Going back to Queen Victoria, one of her granddaughters, Prince Arthur's child, Margaret, became Princess Consort of Sweden when she married Gustaf VI Adolf, who was crowned in 1950.
Norway's current king, Harald V, and Queen Elizabeth II are second cousins. Elizabeth's grandfather, King George V, was the eldest brother of Harald's grandmother. The Norwegian Royal Family also belongs to the Glücksburg House, and it's also related to the British monarchy through another of Queen Victoria's granddaughters, Maud of Wales. She was the daughter of Victoria's second child, Edward, and was married to King Haakon VII of Norway.
With Spain, the family ties also go back to Queen Victoria. Victoria's youngest daughter, Beatrice, married her daughter Eugenie to King Alfonso XVIII of Spain. As such, Victoria Eugenie of Battenberg (the Royal House of Prince Philip's mother, Princess Alice of Battenberg) and Queen Elizabeth's grandfather were siblings, which make of Elizabeth and King Felipe VI, third cousins once removed.

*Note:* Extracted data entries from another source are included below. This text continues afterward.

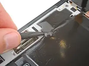 Вставьте наконечник лопатки под верхний правый угол нажимного разъема экрана.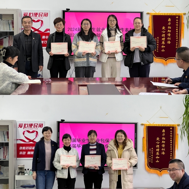 会上,孙正海副院长通报了2024届毕业生就业包保各小组工作完成情况;李成冲副院长宣读了“关于命名表彰2024届毕业生就业包保标兵科室、就业包保先进科室”的决定;党总支书记杨泰、院长李平分别为7个包保科室颁发“就业包保标兵科室”、“就业包保先进科室”荣誉证书。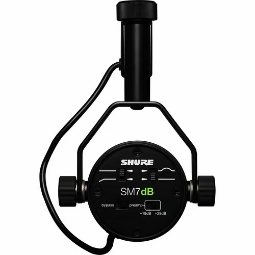 The SM7dB features a cardioid polar pattern, bass roll-off, and midrange emphasis (presence boost) controls as well as shielding against broadband interference. An internal air suspension shock isolation helps to eliminate mechanical noise transmission, and a yoke mount facilitates mounting and provides precise control of the mic position.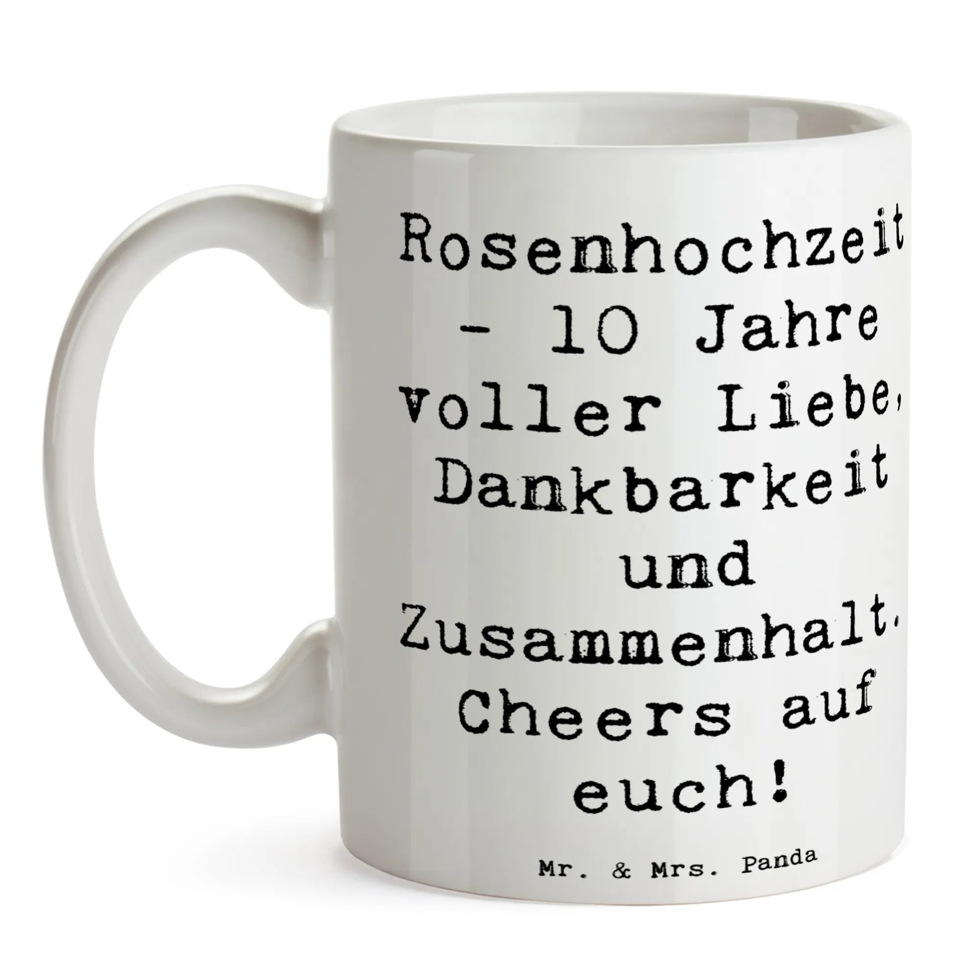 Mug Saying Rosenhochzeit - 10 Jahre voller Liebe, Dankbarkeit und Zusammenhalt. Cheers auf euch! - White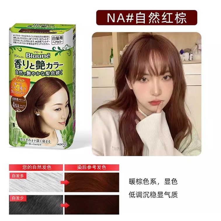 KAO Blaune Scented and Glossy Hair Color Cream is a hair coloring product that provides a long-lasting, vibrant color while also leaving your hair feeling glossy and scented. Brand and Origin: KAO is a Japanese personal care brand that has been in the industry for over 130 years. Their Blaune series of hair color products is well-known for its high quality and effectiveness. Description and Characteristics: The Blaune Scented and Glossy Hair Color Cream features a unique blend of ingredients that provide a gentle and nourishing coloring experience. The formula contains natural plant extracts that help to protect and nourish your hair during the coloring process. The product is available in several different shades, ranging from natural browns and blondes to more vibrant reds and purples. Usage Methods: To use the Blaune Scented and Glossy Hair Color Cream, start by mixing the color cream and developer together in a bowl. Apply the mixture to your hair, starting at the roots and working your way down to the tips. Leave the product in for the recommended amount of time, then rinse thoroughly with warm water. Precautions: Before using the product, it is important to perform a patch test to ensure that you are not allergic to any of the ingredients. It is also recommended to wear gloves during the application process to avoid staining your hands. Additionally, avoid getting the product in your eyes or mouth, and keep it out of reach of children.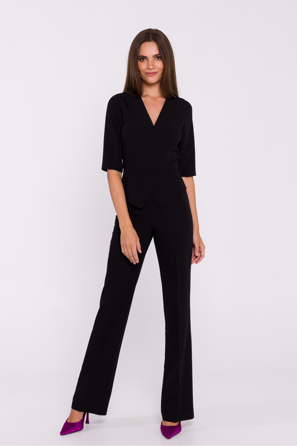 Elegantní tkaný overal s kosticí v pase, která zvýrazňuje pas a dodává mu ženský nádech. Výstřih do V dodává elegantní nádech, zatímco krátké rukávy dodávají lehkost. Zkrácené a rozšířené nohavice opticky prodlužují siluetu a vytvářejí moderní a stylový vzhled. Oblek se zapíná na skrytý zip na zádech a je bez podšívky pro pohodlné nošení. Pečlivě navržený a ušitý v Polsku je ideální volbou pro ženy, které hledají módní alternativu ke klasickým šatům. Elastan 5 % Polyester 65 % Viskóza 30 % Velikost DélkaObvod beder Obvod prsou Obvod v pase L160 cm106 cm96 cm82 cmM159.5 cm101 cm91 cm77 cmS159 cm96 cm86 cm72 cmXL160.5 cm111 cm101 cm85 cmXXL161 cm116 cm106 cm92 cm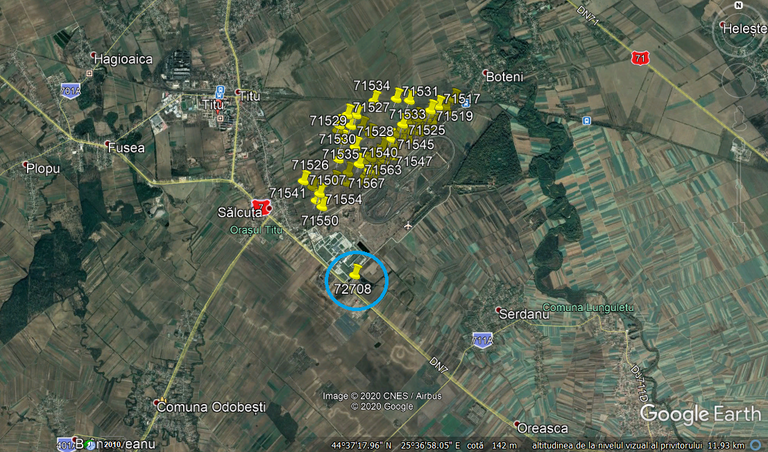 Proprietate imobiliara constituita din Teren Intravilan cu destinatie agricola in cartea funciara (dar utilizare Industriala conform Celei mai bune Utilizari), avand o suprafata de 131.800 mp, cu front stradal dublu (pe colt) de 454 m la DN7 + 271 m la drum lateral (acces catre RTR Titu). Terenul nu este imprejmuit, iar utilitatile nu sunt racordate.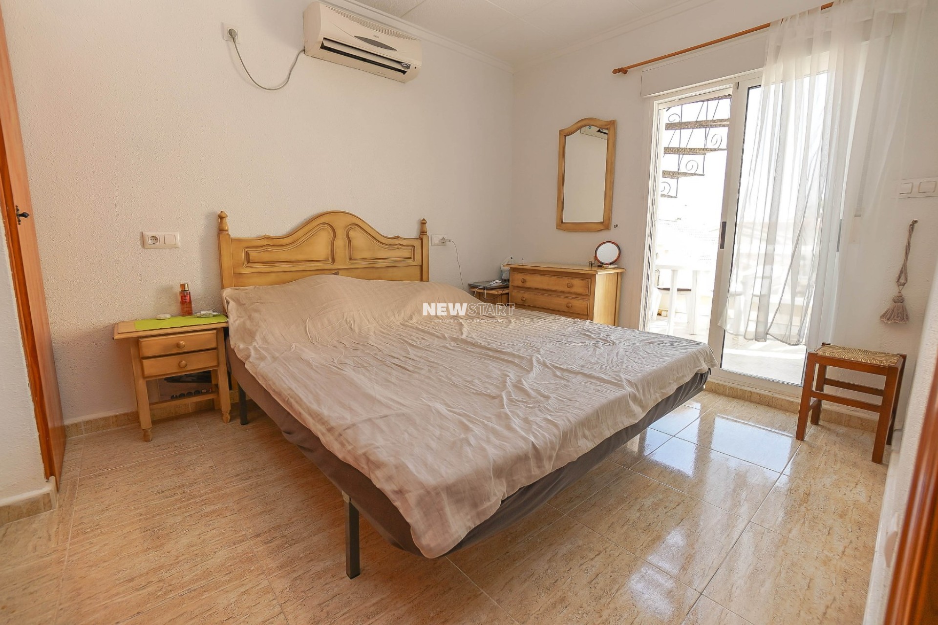 Op de eerste verdieping zijn er twee goed proportionele slaapkamers, beide met ingebouwde kasten, en een moderne badkamer met een inloopdouche. De patio-deuren openen naar een privé balkon waar u kunt genieten van mooie uitzichten op de omliggende omgeving. Hier vindt u een wenteltrap die leidt naar een groot dakterras, dat nog meer buitenruimte biedt met fantastische uitzichten over het gebied, inclusief verre zeezichten richting Guardamar, een ideale plek om te ontspannen of te entertainen terwijl u geniet van het mediterrane klimaat. De woning is in uitstekende decoratieve staat en wordt te koop aangeboden als volledig gemeubileerd, onder voorbehoud van inventaris, maar omvat alle witgoed. Extra kenmerken zijn onder andere een vergroot woonoppervlak, een onderbouw voor opslag, verbeterde aluminiumramen, beveiligingsroosters en mooie open uitzichten. Er is voldoende parkeergelegenheid buiten de weg, die handig in de buurt ligt.

Now, there's an even closer relationship between the two realms. Former Queen Sofía's grandfather was the brother of Prince Philip's father. Both Sofía and Prince Philip belonged to the Greek Royal Family before it was overthrown.
This one is a very interesting case because both Belgium and the British Royal families are actually the same House, the Saxe-Coburg and Gotha, which was also Prince Albert's and Queen Victoria's mother's house. In 1917, the British Royal family changed their name to Windsor, and Belgium's House simply became the House of Belgium. Queen Elizabeth and King Philippe of Belgium are third cousins once removed. The first king of the Belgians, Leopold I, was Queen Victoria's uncle, and father of Mexico's Empress Carlota, but that's another story.

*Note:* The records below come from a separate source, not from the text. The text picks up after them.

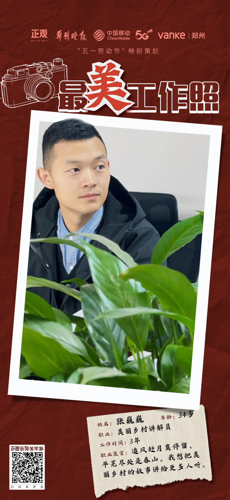 在“五一劳动节”来临之际,正观新闻·郑州晚报联合郑州移动、郑州万科推出《发掘“宝藏劳动者” 晒晒“最美工作照”——“郑州眼”致敬郑州劳动者》特别策划,征集活动持续进行。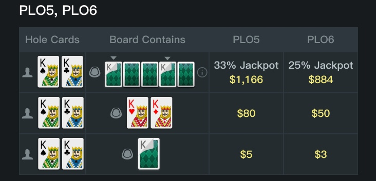Nos jogos de cash PLO5 e PLO6, você pode ganhar prêmios instantâneos a partir de $3 e até 33% do valor total ao vivo do Kings Jackpot.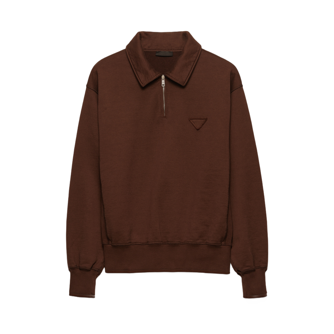 프라다 코튼 플리스 폴로 셔츠 코코아 브라운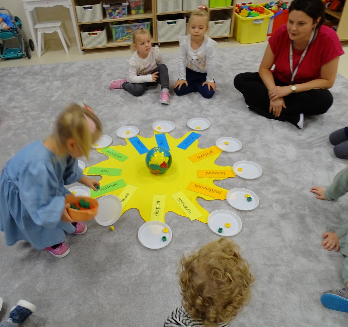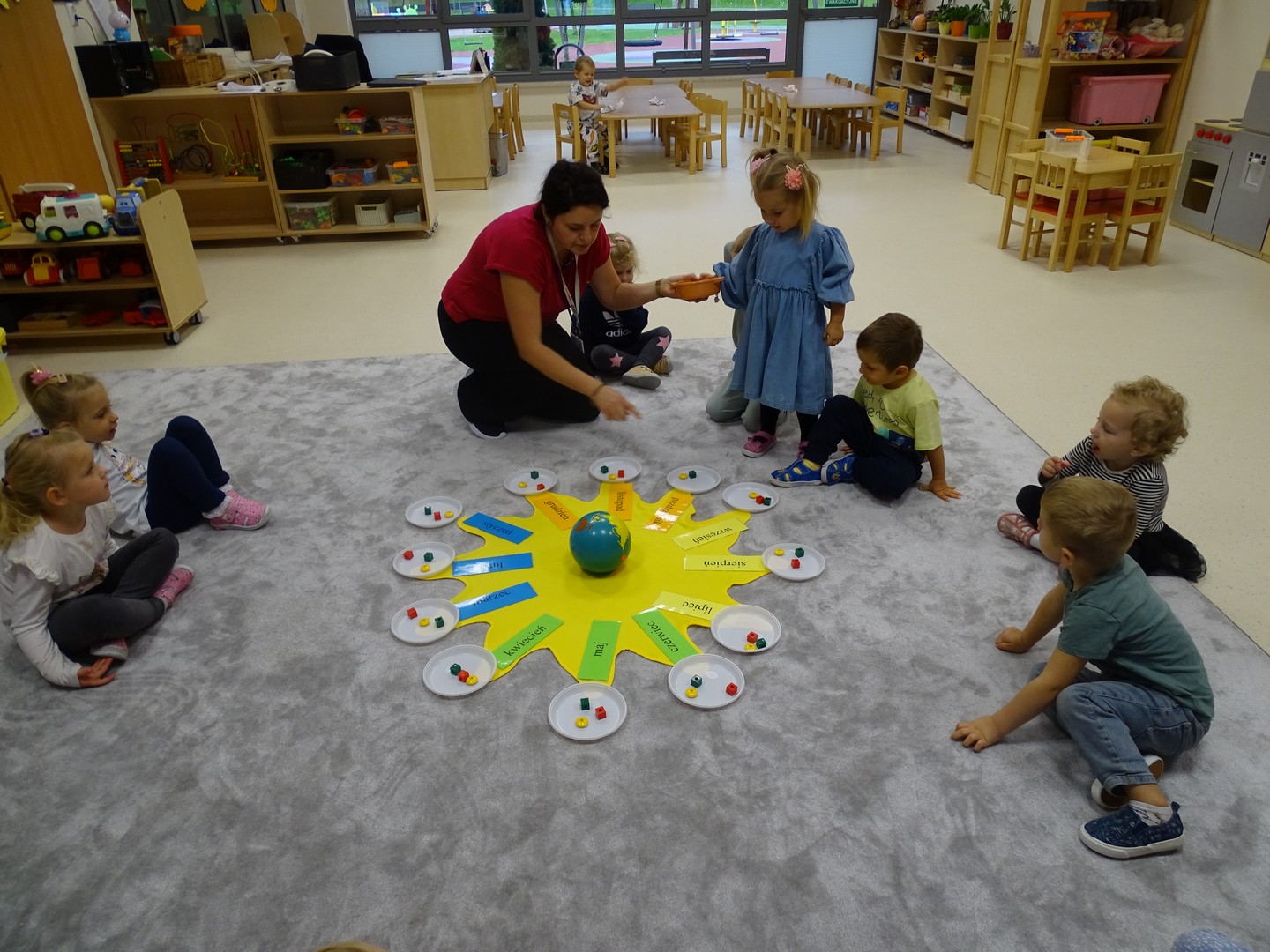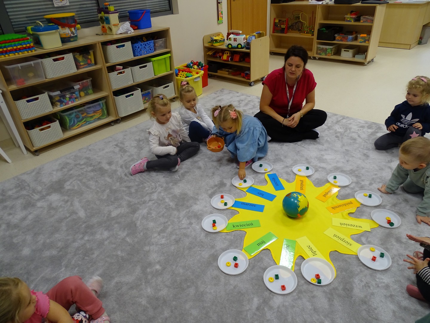 Urodziny w przedszkolu to rytuał "Urodzinowe Słoneczko"(wg koncepcji M. Montessori), który pomaga dzieciom zrozumieć koncepcję czasu i cykliczności. Solenizant, trzymając globus, okrąża symboliczne "słoneczko" na środku sali tyle razy, ile kończy lat, a przy każdym okrążeniu Pani opowiada o ważnych wydarzeniach ze życia dziecka. Przedszkolaka w tym czasie wrzuca koralik do odpowiedniej miseczki symbolizującej jeden rok. Rytuał kończy się śpiewaniem piosenki, tańcem, życzeniami i poczęstunkiem. W miesiącu październik swojej urodziny obchodziła Laura F.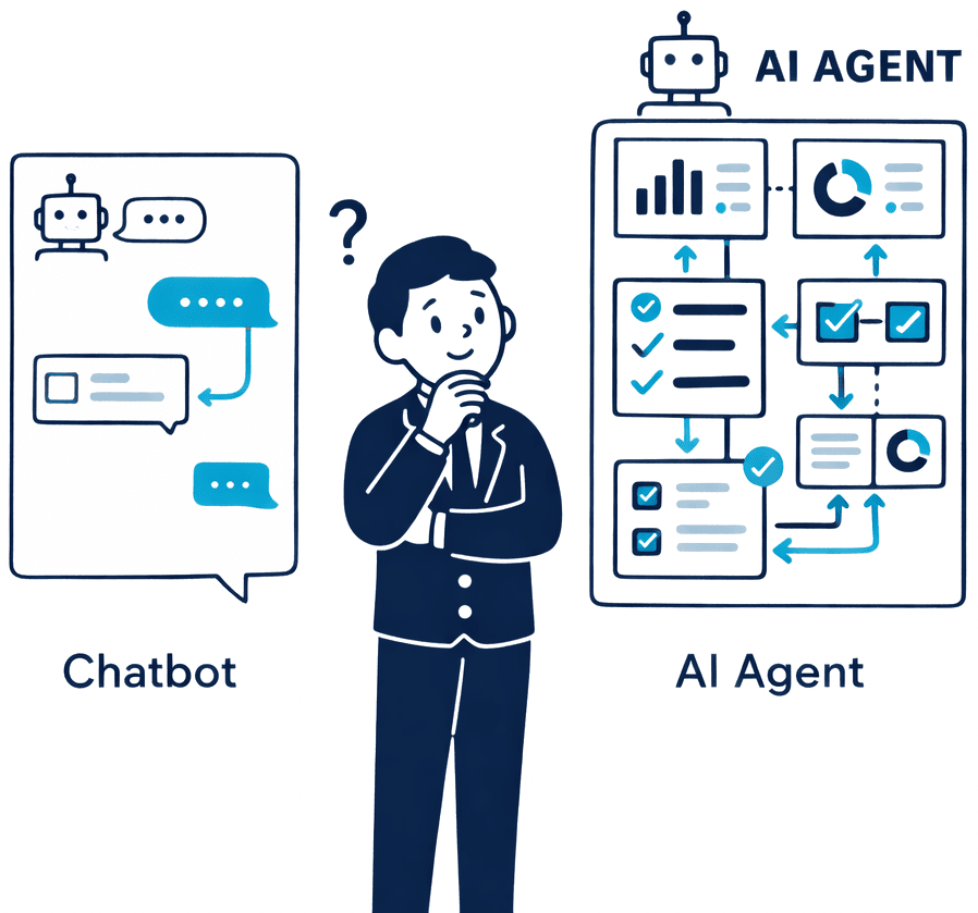 This page explains the difference between AI agents and chatbots in a business operations context, how each works, and when one is more appropriate than the other.

Last but not least, let's go to the Netherlands. As we mentioned, King George II of England is the oldest link in all European Royal families. When George married his daughter Anne of Hannover to William IV, Prince of Orange, the Royal House of Orange-Nassau was established. William was the first one to rule all the different states of the Netherlands.
William's bloodline, unlike other kingdoms, goes straight to the current king, Willem-Alexander. This is the oldest link between European Royal houses, through King George II; however, as it is well known, Queen Victoria, who ruled from 1837 to 1911 (a century after George), is the one that ties all the houses together.